Wer sich daran nicht stört, erlebt einen kompetent gefilmten Horror-Fantasy-Mix, der eine annehmbare Drohkulisse aufbaut, ohne die ganz großen, verstörenden Schockmomente zu besitzen. In ihrer Inszenierung vertraut Shyamalan auf den Schauerfaktor eines schier endlosen Waldes, ein vor allem von knackenden Geräuschen geprägtes Sounddesign und schnell aus dem Bild verschwindende Schatten oder Gegenstände. Bekannte Stilmittel, routiniert eingesetzt. Nicht mehr, aber auch nicht weniger.

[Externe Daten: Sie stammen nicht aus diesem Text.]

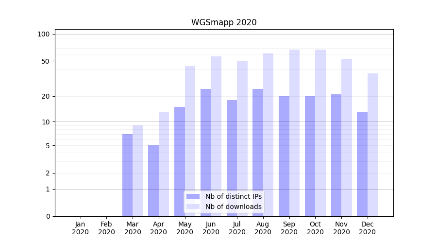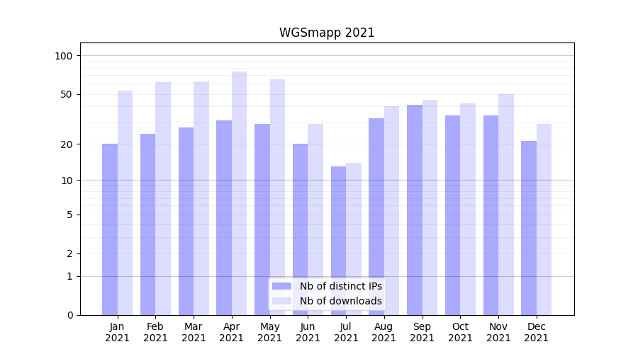 Number of downloads for experiment package WGSmapp, year by year, from 2025 back to 2014 (years with no downloads are omitted):
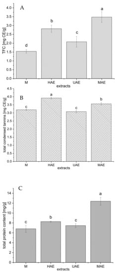 The total flavonoid (A), condensed tannin (B), and protein (C) contents of selected Aloe vera waste extracts prepared using maceration, heat-, ultrasound- and microwave-assisted extractions (M, HAE, UAE, and MAE, respectively); TFC, total flavonoid content; CE, catechin equivalent; values with the same letter showed no statistically significant difference (p > 0.05; n = 3; analysis of variance, Duncan’s post hoc test).
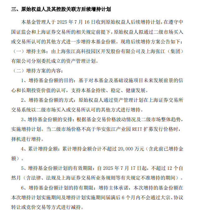 本次增持计划自7月17日起,不超过12个自然月内,根据基金交易价格波动情况及二级市场整体趋势,当二级市场价格不高于华安张江产业园REIT扩募发行价格时,择机进行增持,累计增持金额合计不超过2亿元(含此前已增持金额)。
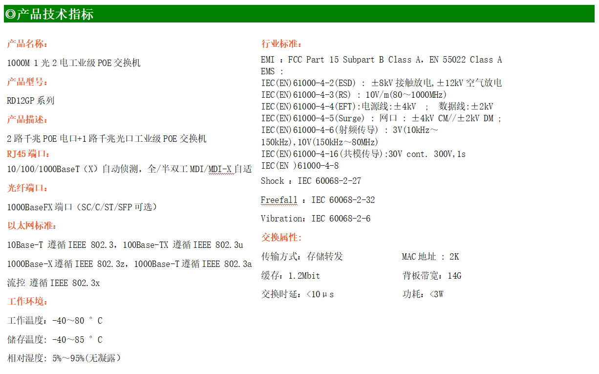 2路千兆POE電口+1路千兆FX光口工業(yè)級以太網(wǎng)POE交換機,支持2個10/100/1000Base-TX電口和1個1000Base-X光口。產(chǎn)品符合FCC、CE、ROHS標準。RD12GP系列交換機具有-40℃~80℃的工作溫度,具有超強的堅固度能適應各種嚴苛環(huán)境,也可以非常方便的安置在空間緊湊的控制箱中。導軌的安裝特性、寬溫操作及擁有IP40防護等級的外殼及LED指示燈,使RD12GP成為一個即插即用的工業(yè)級設備,為用戶的以太網(wǎng)設備聯(lián)網(wǎng)提供可靠、便捷的解決方案。

Ganz angenehm ist es, dass sich die Schicksalsgemeinschaft, anders als in vielen ähnlich gelagerten Filmen, nicht rücksichtslos zerfleischt. Etwas mehr Wucht hätte jedoch ein konfrontativer Augenblick vertragen können, in dem es unverhofft an der Bunkertür klopft. Den in Arbeiten der Shyamalan-Familie fast schon obligatorischen Twist gibt es auch in „They See You“. Allerdings handelt es sich nicht um eine Enthüllung der Marke „Da zieht es mir den Boden unter den Füßen weg“. Wer auf die ausgestreuten Hinweise und Andeutungen, besonders die Fähigkeiten der Waldkreaturen, achtet, dürfte den Braten schon vor der Offenbarung riechen.